Here is a Java practice problem taken from HackerRank that tests your knowledge of strings. The problem involves arranging strings in lexicographical order and capitalizing the first letter of each word. It's a great exercise for revision and practice. Here's the problem description and a sample solution:
Problem statement:
Given two strings of lowercase English letters, A and B, perform the following operation:
- Sum of length of A and B.
- Determine if A is lexicographically larger than B(i.e.: B comes after A in dictionary?).
- Capitalize the first letter of A and B and print them on a single line, separated by a space.
Input Format
The first line contains a string A. The second line contains another string B. The strings are comprised of only lowercase English letters.
Output Format
There are three lines of output:
For the first line, sum the lengths of A and B.
For the second line, write Yes if is A lexicographically greater than B otherwise print No instead.
For the third line, capitalize the first letter in both A and B and print them on a single line, separated by a space.
Sample Input
hello
java
Sample Input
9
No
Hello Java
Explanation
String A is “hello” and B is “java”. A has a length of 5, and B has a length of 4; the sum of their lengths is 9.
When sorted alphabetically/lexicographically, “hello” precedes “java”; therefore, A is not greater than B and the answer is No. When you capitalize the first letter of both A and B and then print them separated by a space, you get “Hello Java”.
// My solution:
import java.io.*;
import java.util.*;
public class Solution {
public static void main(String[] args) {
Scanner scanner = new Scanner(System.in);
String A = scanner.nextLine();
String B = scanner.nextLine();
scanner.close();
String lCaseA= A.toLowerCase();
String lCaseB=B.toLowerCase();
System.out.println(lCaseA.length()+lCaseB.length());
String flag="Yes";
int min=lCaseB.length();
if(lCaseA.length()<=lCaseB.length()) min=lCaseA.length();
//System.out.println(max);
int i=0;
while(i<min)
{
if((int)lCaseA.charAt(i)<(int)lCaseB.charAt(i))
{
flag="No";
break;
}
else if((int)lCaseA.charAt(i)==(int)lCaseB.charAt(i))
{
i++;
flag="No";
continue;
}
else
{
break;
}
}
//System.out.println(lCaseA);
//System.out.println(lCaseB);
System.out.println(flag);
String ucase=" ";
Scanner scaner=new Scanner(lCaseA);
while(scaner.hasNext())
{
String word=scaner.next();
ucase+=Character.toUpperCase(word.charAt(0))+word.substring(1)+" ";
}
System.out.print(ucase.trim()+" ");
scaner.close();
String ucase1=" ";
Scanner scaner1=new Scanner(lCaseB);
while(scaner1.hasNext())
{
String word1=scaner1.next();
ucase1+=Character.toUpperCase(word1.charAt(0))+word1.substring(1)+" ";
}
System.out.println(ucase1.trim());
scaner1.close();
}
}
// program ends
While the provided solution uses two separate while loops for simplicity,
it is worth mentioning that a dedicated function can be created to encapsulate
the logic of capitalizing the first letter of a word. This approach can make the
code more modular and readable. (For the sake of better understanding I showed
with two separate loops)
By practicing this problem, you will gain a deeper understanding of string
manipulation and improve your ability to solve similar challenges efficiently.

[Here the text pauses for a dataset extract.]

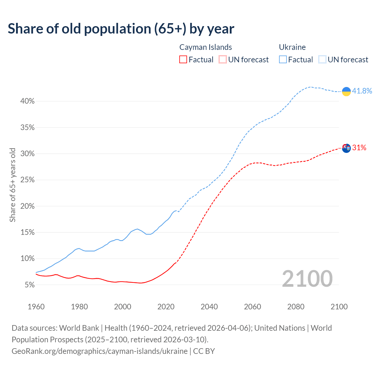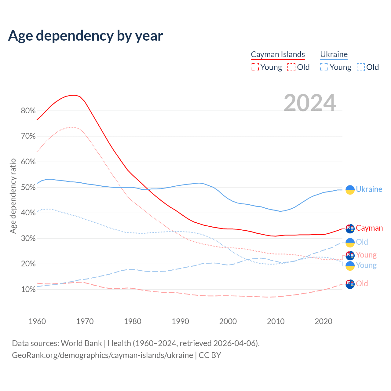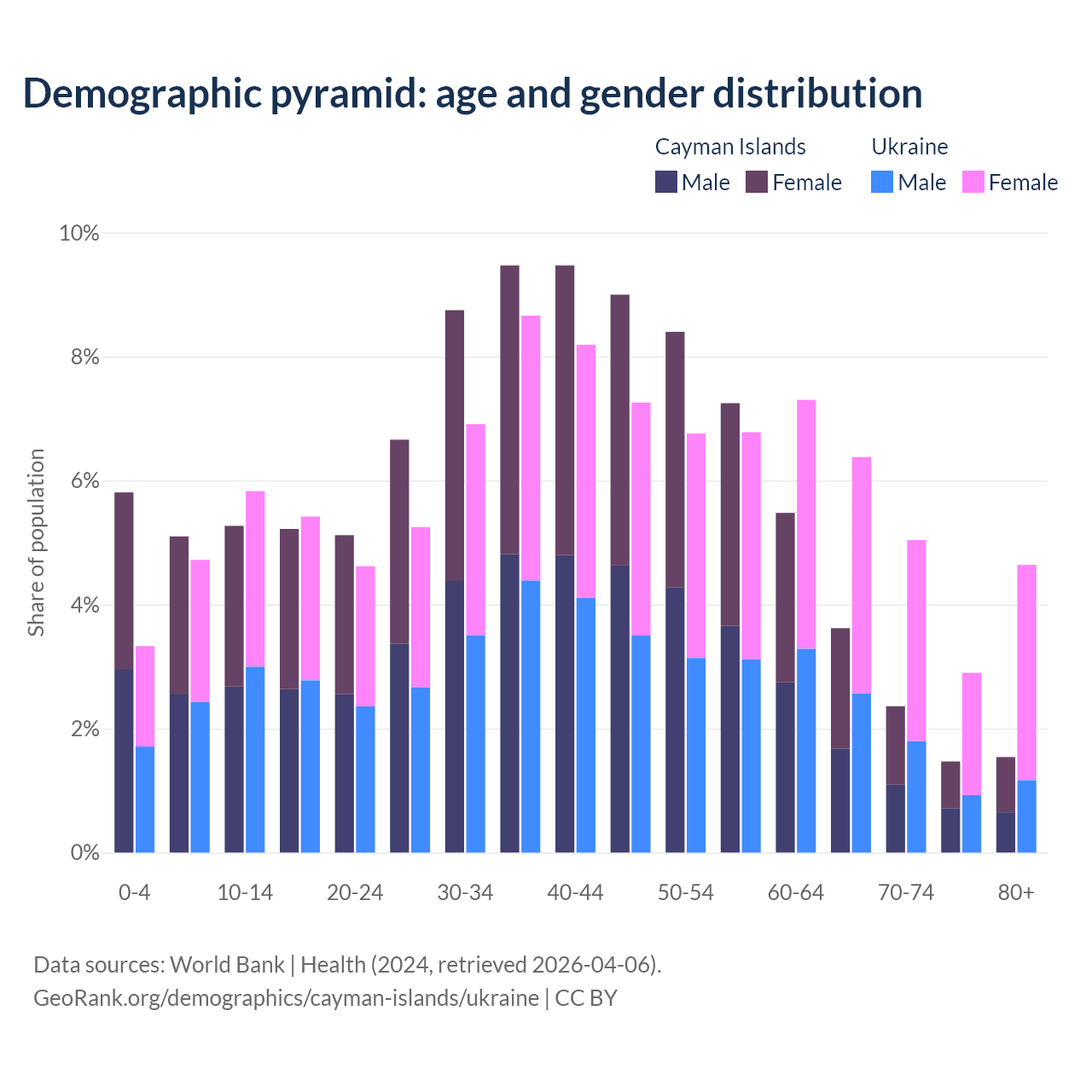 The share of older people aged 65 and over is 9% in the Cayman Islands and 19% in Ukraine. Life expectancy in the Cayman Islands compared to Ukraine .

Mastery of these concepts will prove valuable in real-world scenarios where
string handling plays a crucial role.
Remember to consider edge cases, such as handling empty strings or strings with
leading/trailing spaces(trim()). Understanding these nuances will enhance the robustness
of your solution and make it applicable in various scenarios.
Conclusion:
This Java practice problem focusing on arranging strings in lexicographical
order and capitalizing the first letter of each word provides an excellent
opportunity to revise and strengthen your skills in string manipulation.
By understanding and implementing the solution, you will enhance your ability to
work with strings effectively and tackle similar challenges with confidence.
Practice this problem and continue exploring more string-related problems to
expand your knowledge and become proficient in different programming logic.